**Data shown:**
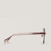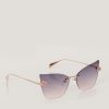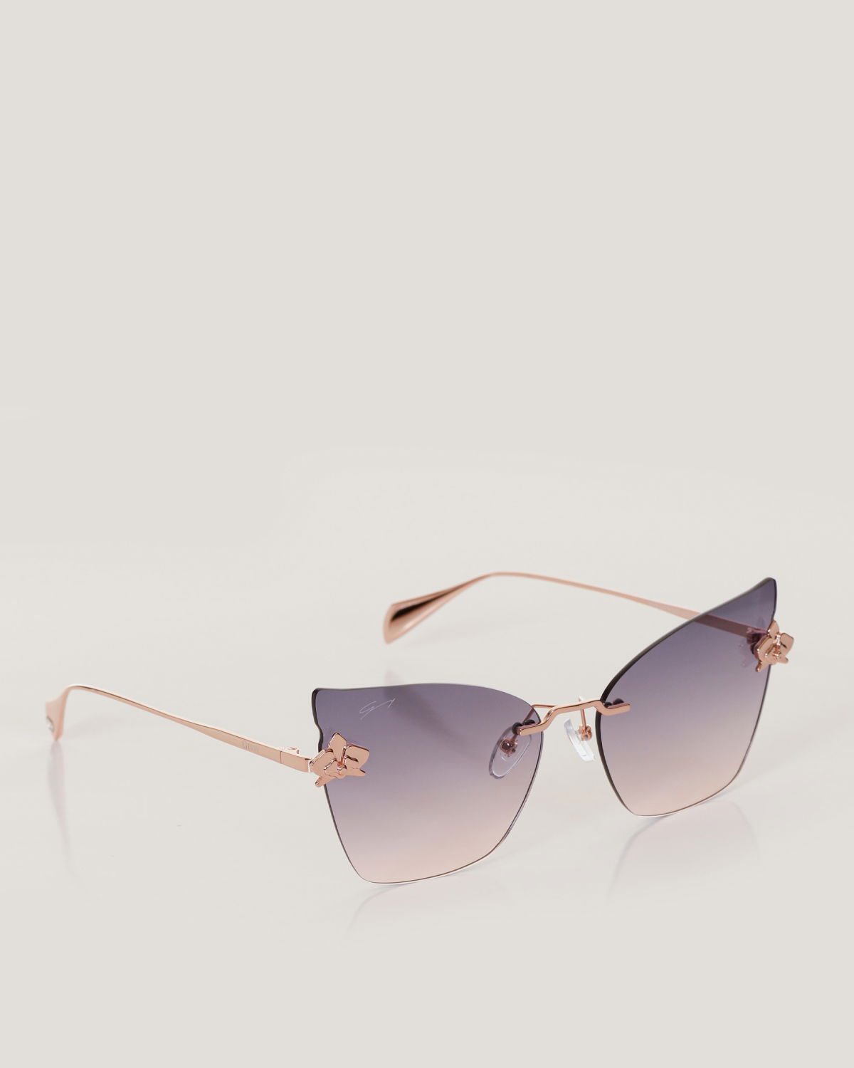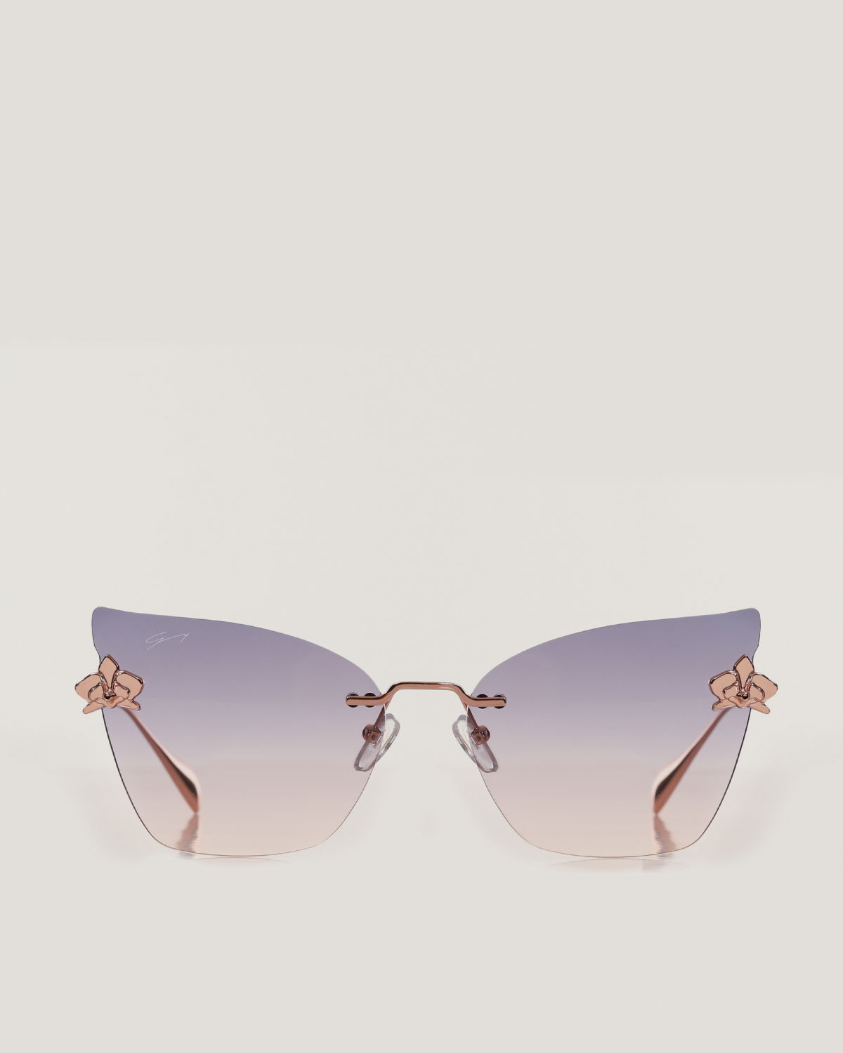 Genny sunglasses with a minimalist gold metal frame and dark lenses, featuring a sophisticated and elegant cat-eye design. The slim temples are adorned with distinctive details, including the iconic three-dimensional orchid symbol, embodying femininity and refinement. The uniquely shaped lenses add a modern and glamorous touch, ideal for completing luxurious looks.
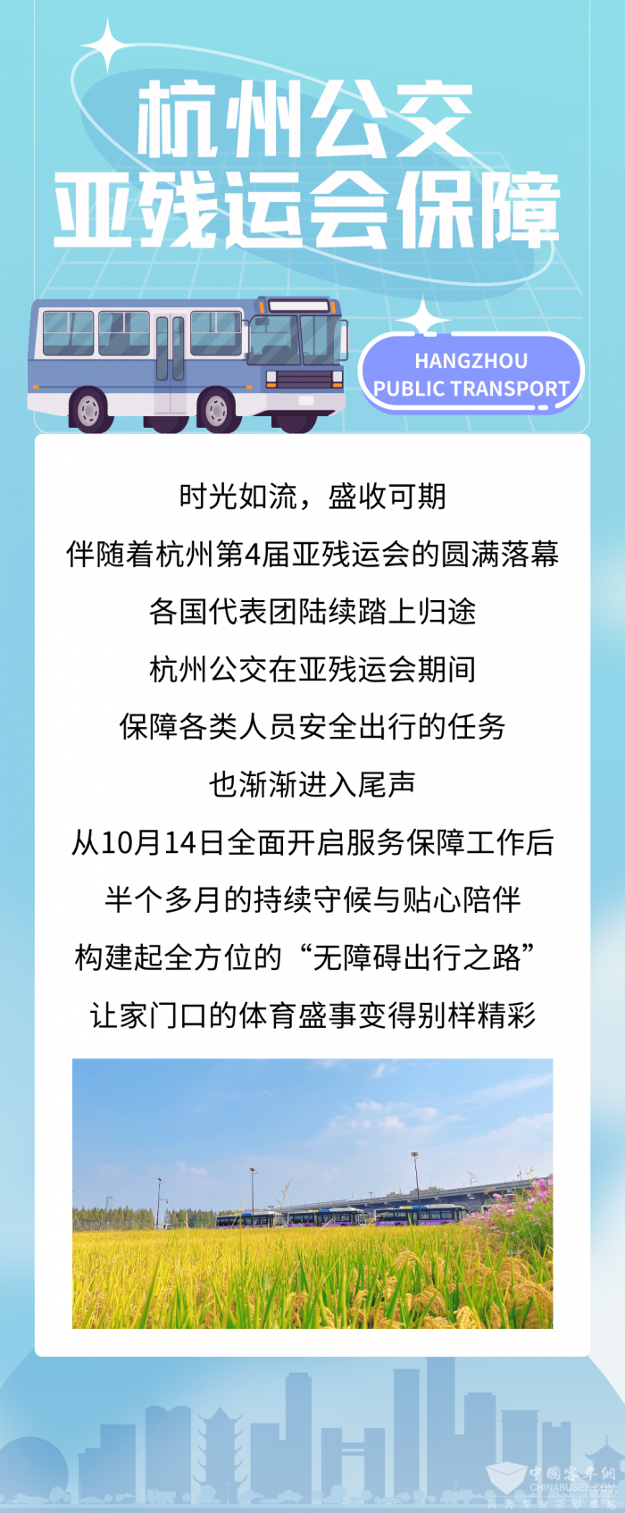 零延误的准时准点,心连心的温情服务。让杭州公交为亚残运会留下的“第一印象”和“最终回忆”,将始终印记在这个金秋十月。杭州公交也将在总结用好此次亚残运会保障工作的经验基础上,实现重大事件保障更全面、服务更细致、出行更便捷!
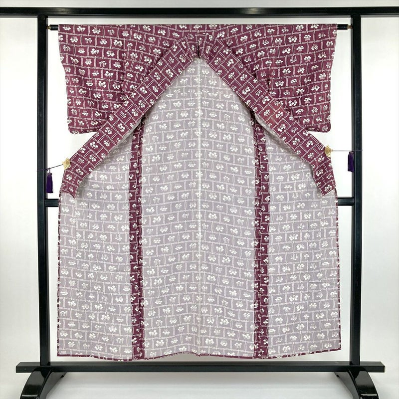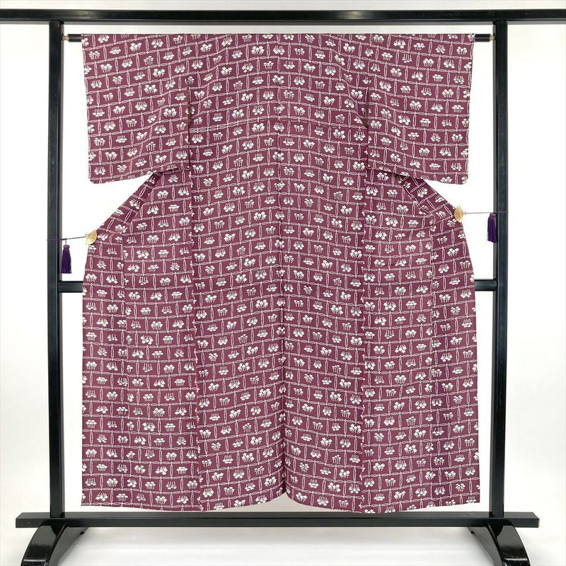 (中古) 単衣小紋 紫 小豆色 カジュアル ちりめん 割り付け 小花 ひとえ SS【身丈】152cm【裄丈】63cm
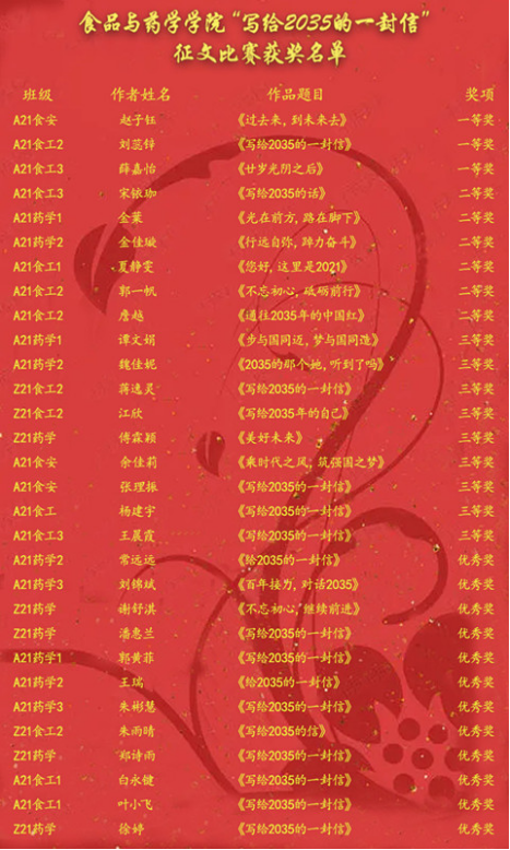 为深入学习宣传贯彻习近平总书记“七一”重要讲话精神,紧紧围绕铭记伟大奋斗历程、弘扬伟大建党精神、把握历史经验启示,持续深化党史学习教育和“四史”宣传教育,激发广大青年追求远大的理想,增强历史使命感和社会责任感。2021年9月,食药学院团委面向21级本科生开展以“写给2035的一封信”为主题的征文活动。引导广大青年畅想祖国的繁荣富强、家乡的发展变化和个人的幸福生活,争做担当民族复兴大任的时代新人。
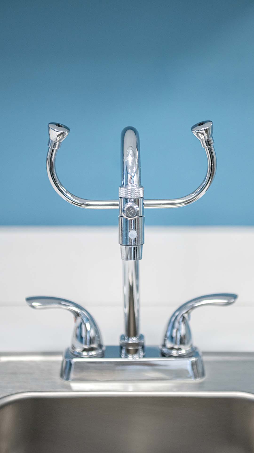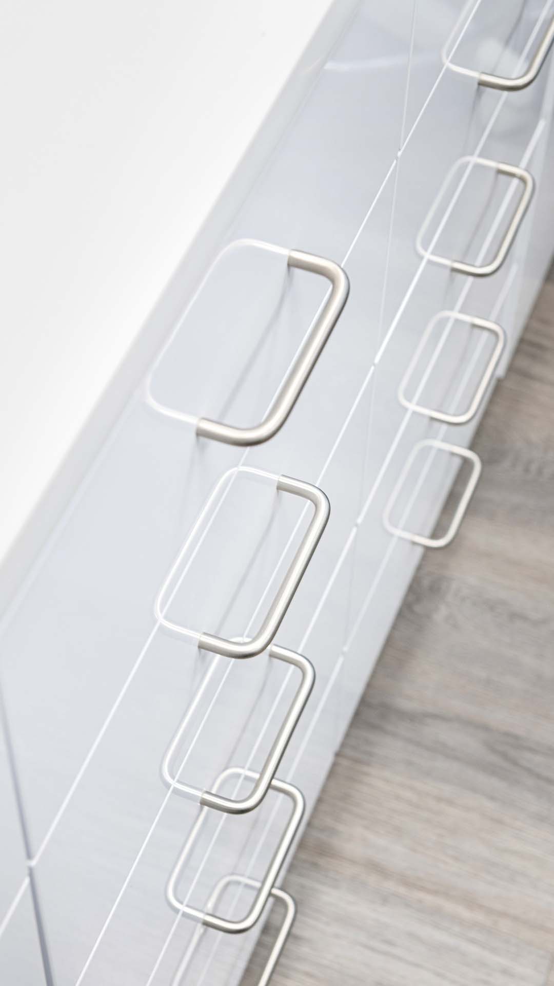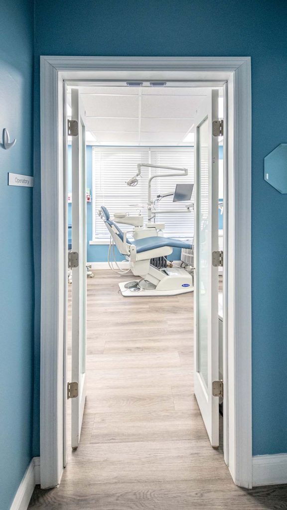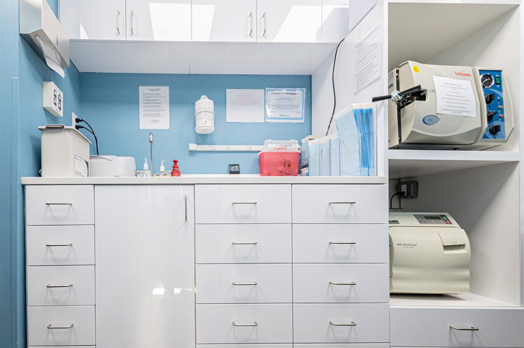 The AIDA office interiors were reconfigured and upgraded to have a medical operatory, a second procedure room that also functions as a patient consult space, and a brand-new laboratory for the custom fabrication of implants in-house. Studioteka also designed two new dental hygienist rooms, as well as custom cabinetry for all the rooms. Brand-new driftwood gray floors and a gorgeous shade of blue are integrated into all the lab and procedure rooms, helping practitioners reset their vision when doing expert color corrections, whitening, and dental implants. The procedure room and hygienist areas had bespoke alabaster-white glossy cabinets, clerestory windows, and new inset glass doors installed to contrast with the shades of blue in the color scheme; this allows natural and artificial light to gently bounce which opens up and illuminates the spaces. The ceiling and existing lighting were stripped down and replaced with a new acoustical ceiling with crisp, white LED lighting, allowing for a sense of quiet within the rooms of this busy practice.
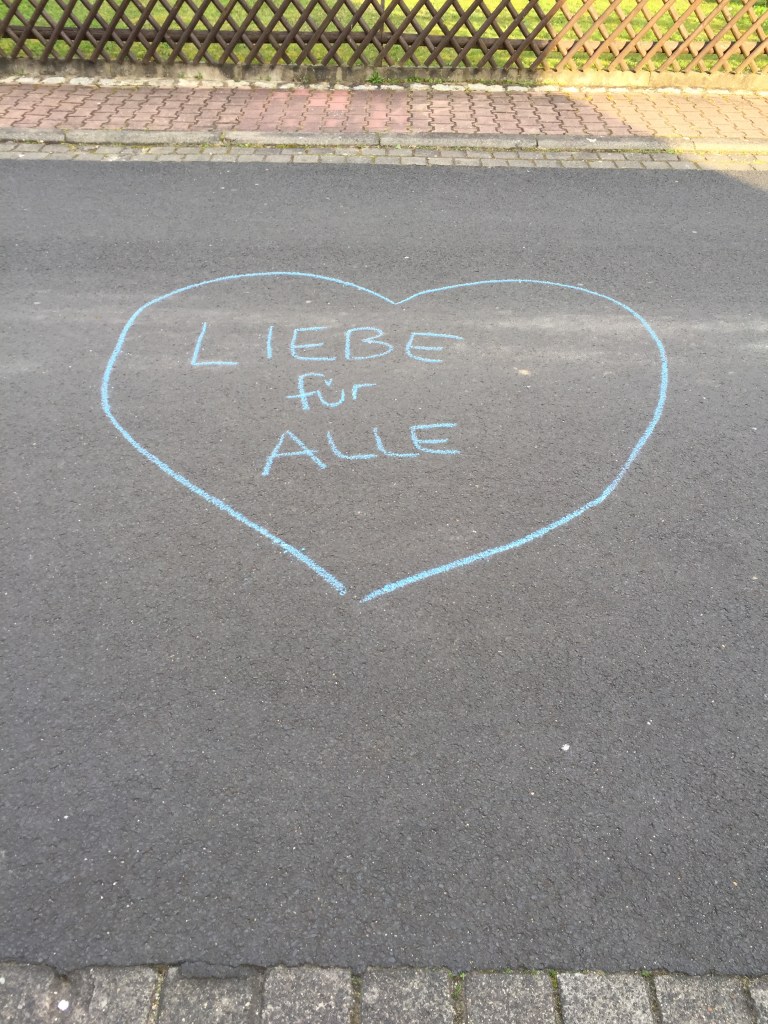 Und so ging ich dann am nächsten Abend gegen 22.00 mit aller Malkreide meiner Kinder, die ich finden konnte, aus dem Haus um Herzen auf die Straßen zu malen. (Zu der Zeit war der erste Schwung aAngst unter uns Menschen zu spüren, aber man war noch nicht in der Bewegung eingeschränkt). Ich fuhr also an die Orte, an denen mehr Menschen vorbeikommen.. Supermärkte, Bank, Bäckerei, Friedhof und auch einfach vor grossen Wohnhäusern. Während ich die Herzen auf die Straße malte, war ich fast schon etwas aufgeregt, entdeckt zu werden, es machte aber auch unheimlich viel Spaß😄 so gut wie danach habe ich schon lange nicht mehr geschlafen.
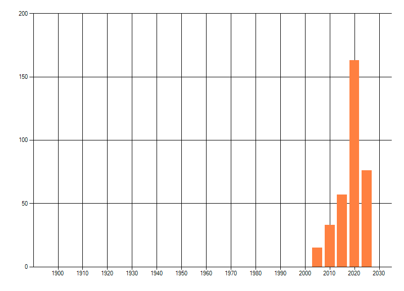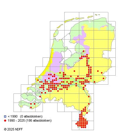 Het aantal atlasblokken (5x5 km) waarin de soort is gemeld binnen een periode van vijf jaar (vanaf 1980) of twintig jaar. Niet gecorrigeerd voor waarnemersinspanning en het aantal doorgegeven waarnemingen kan sterk variëren per periode, dus een trend in verspreiding kan hier niet direct uit worden afgelezen. Het opgegeven jaartal is het eerste jaar van de periode. Bron: gevalideerde waarnemingen uit de NDFF.
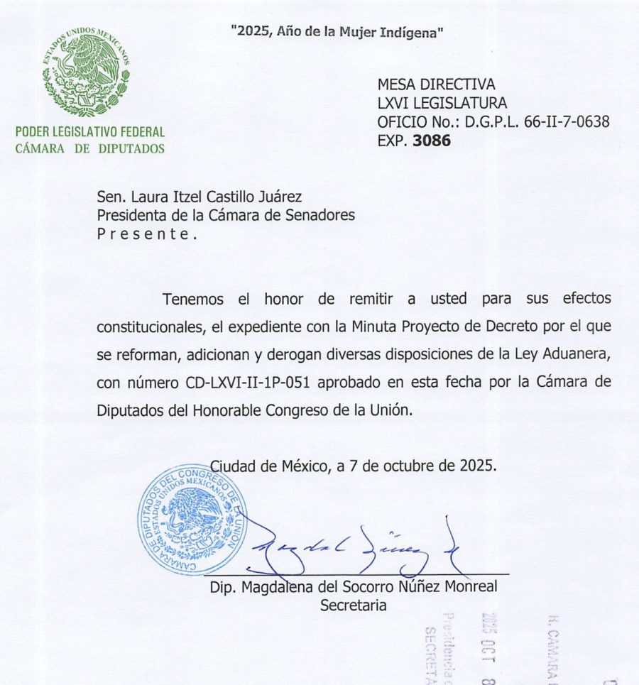 México, 9 de octubre.- La presidenta del Senado de la República, Laura Itzel Castillo Juárez, informó que este órgano legislativo recibió de la Cámara de Diputados la minuta con proyecto de decreto que reforma diversas disposiciones de la Ley Aduanera, cuyo objetivo principal es combatir la evasión fiscal y modernizar los procesos del comercio exterior.
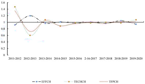 The agricultural water efficiency change index can be further decomposed into an index of technical efficiency change (EFFCH) and an index of technological progress (TECHCH), from which the relationship between efficiency changes can be seen as follows:
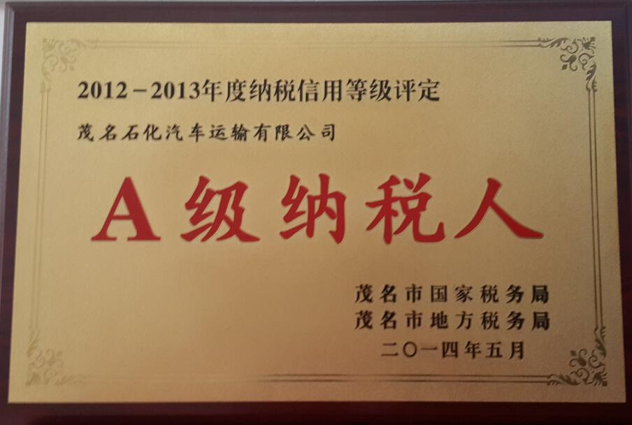 > 2012-2013年度納稅等級(jí)評(píng)定
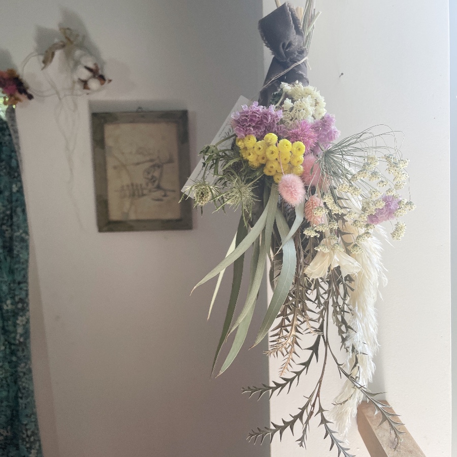 やさしい色味の植物を合わせて、明るい印象のスワッグを制作しました。

**Work item:**
Within the listing above, the lines starting at the one containing "为深入学习宣传贯彻习近平总书" and ending at the one containing "The AIDA office" are to be returned exactly. Omit the pictures.

**Answer for the task:**
 为深入学习宣传贯彻习近平总书记“七一”重要讲话精神,紧紧围绕铭记伟大奋斗历程、弘扬伟大建党精神、把握历史经验启示,持续深化党史学习教育和“四史”宣传教育,激发广大青年追求远大的理想,增强历史使命感和社会责任感。2021年9月,食药学院团委面向21级本科生开展以“写给2035的一封信”为主题的征文活动。引导广大青年畅想祖国的繁荣富强、家乡的发展变化和个人的幸福生活,争做担当民族复兴大任的时代新人。
 The AIDA office interiors were reconfigured and upgraded to have a medical operatory, a second procedure room that also functions as a patient consult space, and a brand-new laboratory for the custom fabrication of implants in-house. Studioteka also designed two new dental hygienist rooms, as well as custom cabinetry for all the rooms. Brand-new driftwood gray floors and a gorgeous shade of blue are integrated into all the lab and procedure rooms, helping practitioners reset their vision when doing expert color corrections, whitening, and dental implants. The procedure room and hygienist areas had bespoke alabaster-white glossy cabinets, clerestory windows, and new inset glass doors installed to contrast with the shades of blue in the color scheme; this allows natural and artificial light to gently bounce which opens up and illuminates the spaces. The ceiling and existing lighting were stripped down and replaced with a new acoustical ceiling with crisp, white LED lighting, allowing for a sense of quiet within the rooms of this busy practice.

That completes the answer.